[[ RECORDS SHOWN, beginning ]]

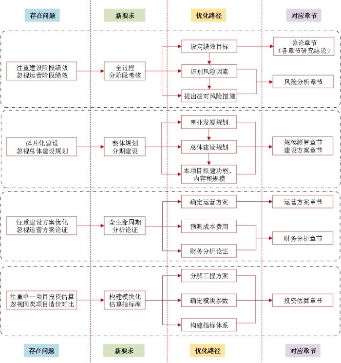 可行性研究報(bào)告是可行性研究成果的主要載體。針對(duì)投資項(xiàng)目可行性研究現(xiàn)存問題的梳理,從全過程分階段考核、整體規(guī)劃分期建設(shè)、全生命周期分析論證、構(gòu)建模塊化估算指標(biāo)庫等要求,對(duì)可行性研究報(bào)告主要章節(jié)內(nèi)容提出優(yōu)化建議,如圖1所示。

[[ RECORDS SHOWN, end ]]
[[ RECORDS SHOWN, beginning ]]

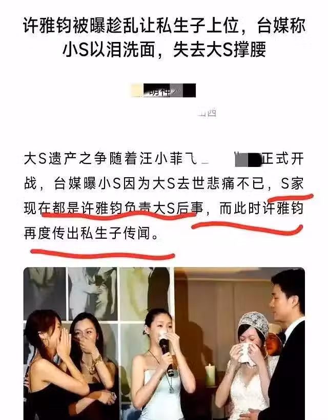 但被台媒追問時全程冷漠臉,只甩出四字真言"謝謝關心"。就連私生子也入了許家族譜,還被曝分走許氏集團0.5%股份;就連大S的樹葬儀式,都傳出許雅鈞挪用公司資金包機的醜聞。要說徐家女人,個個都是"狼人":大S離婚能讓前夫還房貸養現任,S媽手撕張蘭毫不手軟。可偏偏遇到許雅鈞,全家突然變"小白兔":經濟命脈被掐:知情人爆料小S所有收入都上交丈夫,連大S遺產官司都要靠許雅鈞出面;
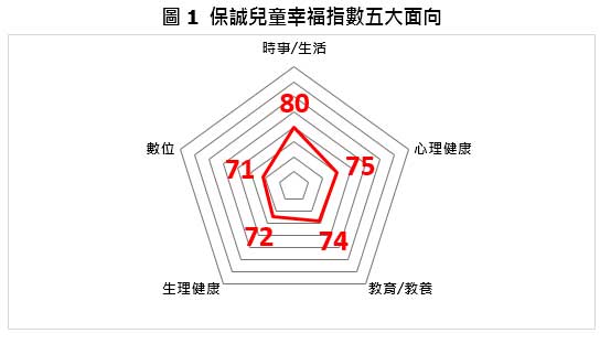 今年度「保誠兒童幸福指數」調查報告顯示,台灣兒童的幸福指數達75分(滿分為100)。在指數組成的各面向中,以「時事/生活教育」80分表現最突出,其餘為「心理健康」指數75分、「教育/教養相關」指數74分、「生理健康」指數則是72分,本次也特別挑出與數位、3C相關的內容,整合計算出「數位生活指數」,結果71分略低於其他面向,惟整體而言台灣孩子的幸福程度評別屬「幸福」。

[[ RECORDS SHOWN, end ]]

(TASK STATEMENT): Above this task is a listing with pictures in it. Retype only the lines from the one containing "但被台媒追問時全程冷漠臉,只" through the one containing "今年度「保誠兒童幸福指數」調", both included, and not the pictures.

(WRITTEN RESPONSE):
 但被台媒追問時全程冷漠臉,只甩出四字真言"謝謝關心"。就連私生子也入了許家族譜,還被曝分走許氏集團0.5%股份;就連大S的樹葬儀式,都傳出許雅鈞挪用公司資金包機的醜聞。要說徐家女人,個個都是"狼人":大S離婚能讓前夫還房貸養現任,S媽手撕張蘭毫不手軟。可偏偏遇到許雅鈞,全家突然變"小白兔":經濟命脈被掐:知情人爆料小S所有收入都上交丈夫,連大S遺產官司都要靠許雅鈞出面;
 今年度「保誠兒童幸福指數」調查報告顯示,台灣兒童的幸福指數達75分(滿分為100)。在指數組成的各面向中,以「時事/生活教育」80分表現最突出,其餘為「心理健康」指數75分、「教育/教養相關」指數74分、「生理健康」指數則是72分,本次也特別挑出與數位、3C相關的內容,整合計算出「數位生活指數」,結果71分略低於其他面向,惟整體而言台灣孩子的幸福程度評別屬「幸福」。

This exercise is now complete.